**How to complete this task**
Would you retype exactly the lines below, starting with the one that has "青奥雕塑被迫围挡 禁止攀爬" and going on through the one that has "Положение №2В соответствии", with no pictures and nothing else?

**Information provided**
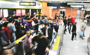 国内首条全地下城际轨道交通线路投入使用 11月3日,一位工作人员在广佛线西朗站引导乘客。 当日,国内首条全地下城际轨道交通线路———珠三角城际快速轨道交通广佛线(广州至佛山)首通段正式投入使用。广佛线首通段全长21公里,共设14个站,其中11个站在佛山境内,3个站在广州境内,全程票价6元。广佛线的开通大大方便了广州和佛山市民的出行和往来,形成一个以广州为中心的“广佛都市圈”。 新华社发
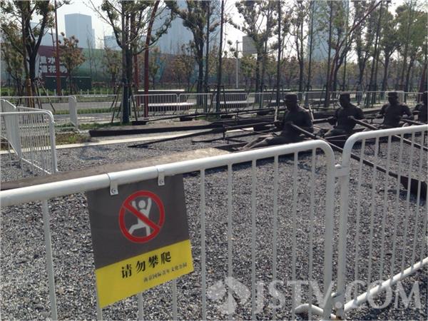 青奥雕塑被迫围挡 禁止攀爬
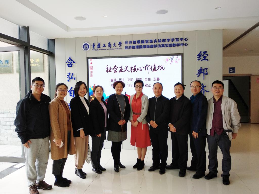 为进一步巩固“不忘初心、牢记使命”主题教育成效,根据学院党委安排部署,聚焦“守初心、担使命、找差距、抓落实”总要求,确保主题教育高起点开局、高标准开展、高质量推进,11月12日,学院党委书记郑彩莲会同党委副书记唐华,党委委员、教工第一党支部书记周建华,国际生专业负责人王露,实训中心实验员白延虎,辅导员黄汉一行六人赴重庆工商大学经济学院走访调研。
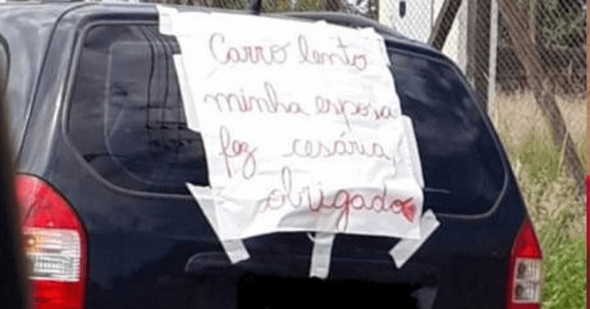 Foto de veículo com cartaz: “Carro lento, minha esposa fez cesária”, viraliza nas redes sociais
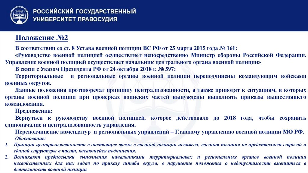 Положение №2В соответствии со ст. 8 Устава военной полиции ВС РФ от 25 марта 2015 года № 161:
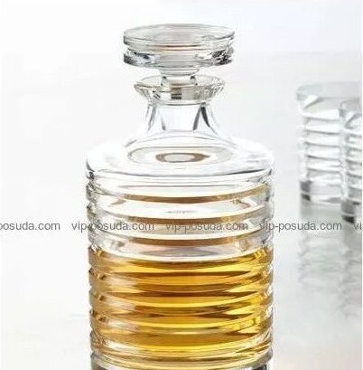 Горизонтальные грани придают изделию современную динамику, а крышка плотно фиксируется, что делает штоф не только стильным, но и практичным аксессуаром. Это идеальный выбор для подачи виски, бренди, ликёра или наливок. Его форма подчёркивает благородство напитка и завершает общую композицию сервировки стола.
---
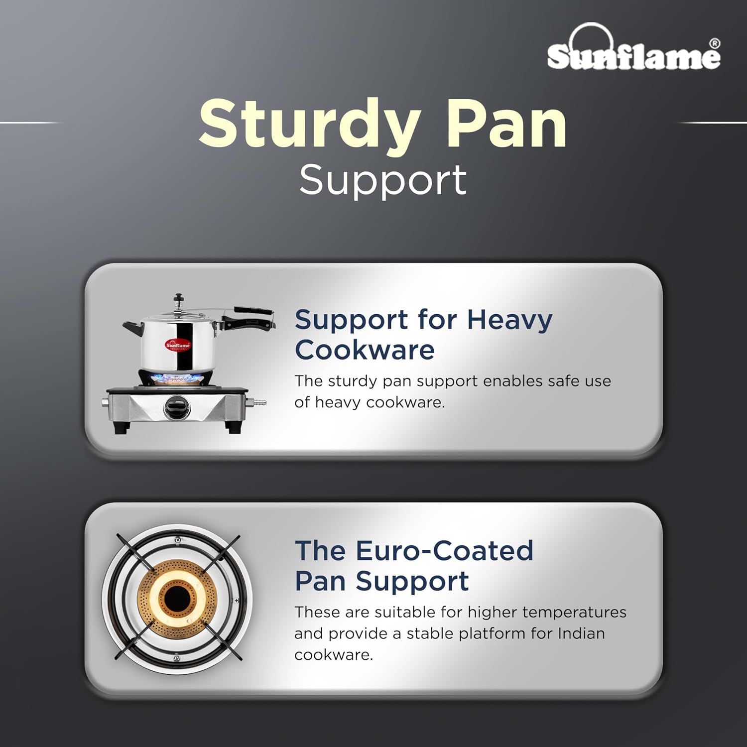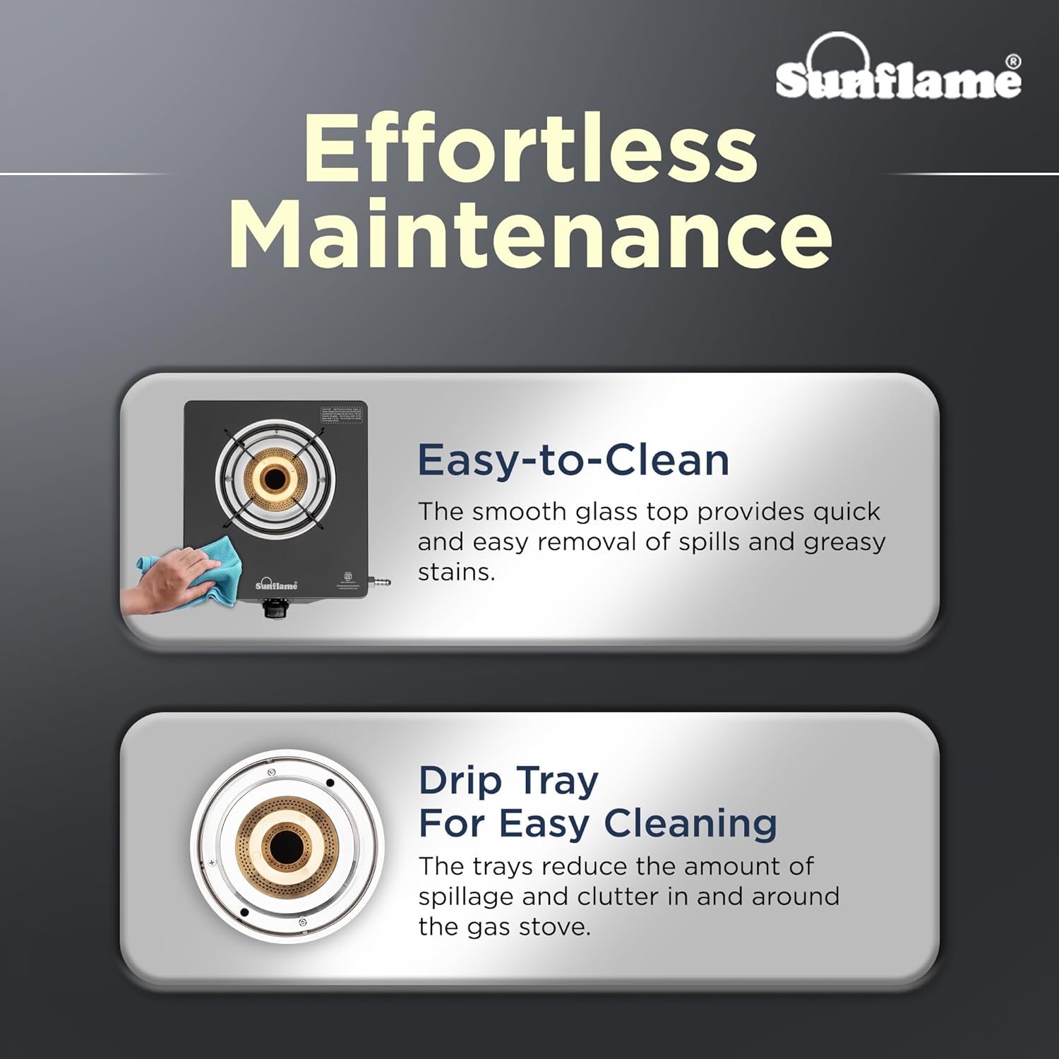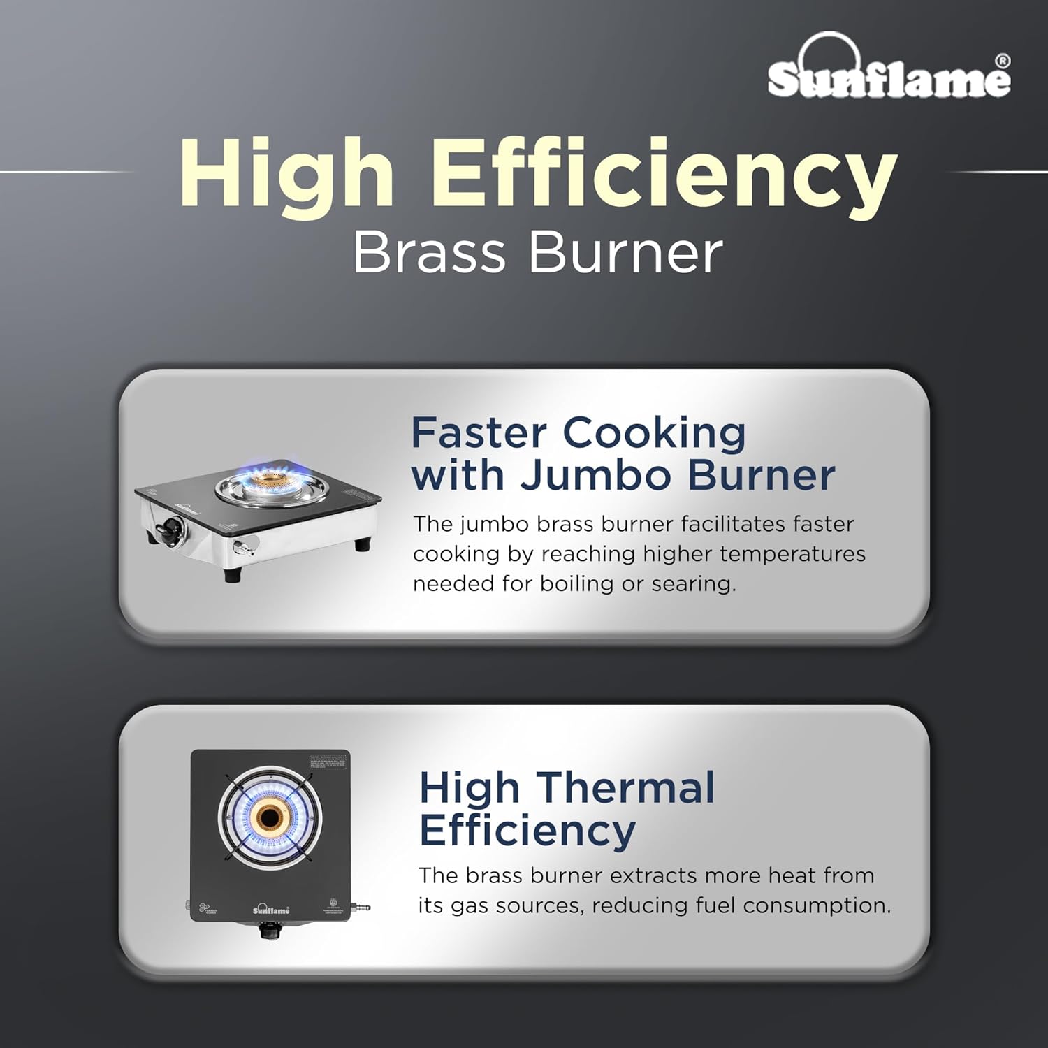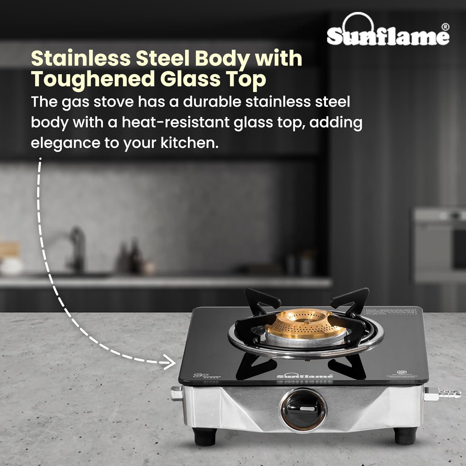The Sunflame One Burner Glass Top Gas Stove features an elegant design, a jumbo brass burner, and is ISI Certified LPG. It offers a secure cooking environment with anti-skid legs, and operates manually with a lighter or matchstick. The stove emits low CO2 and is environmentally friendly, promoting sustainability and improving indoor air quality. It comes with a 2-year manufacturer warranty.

**Task result**
 青奥雕塑被迫围挡 禁止攀爬
 为进一步巩固“不忘初心、牢记使命”主题教育成效,根据学院党委安排部署,聚焦“守初心、担使命、找差距、抓落实”总要求,确保主题教育高起点开局、高标准开展、高质量推进,11月12日,学院党委书记郑彩莲会同党委副书记唐华,党委委员、教工第一党支部书记周建华,国际生专业负责人王露,实训中心实验员白延虎,辅导员黄汉一行六人赴重庆工商大学经济学院走访调研。
 Foto de veículo com cartaz: “Carro lento, minha esposa fez cesária”, viraliza nas redes sociais
 Положение №2В соответствии со ст. 8 Устава военной полиции ВС РФ от 25 марта 2015 года № 161:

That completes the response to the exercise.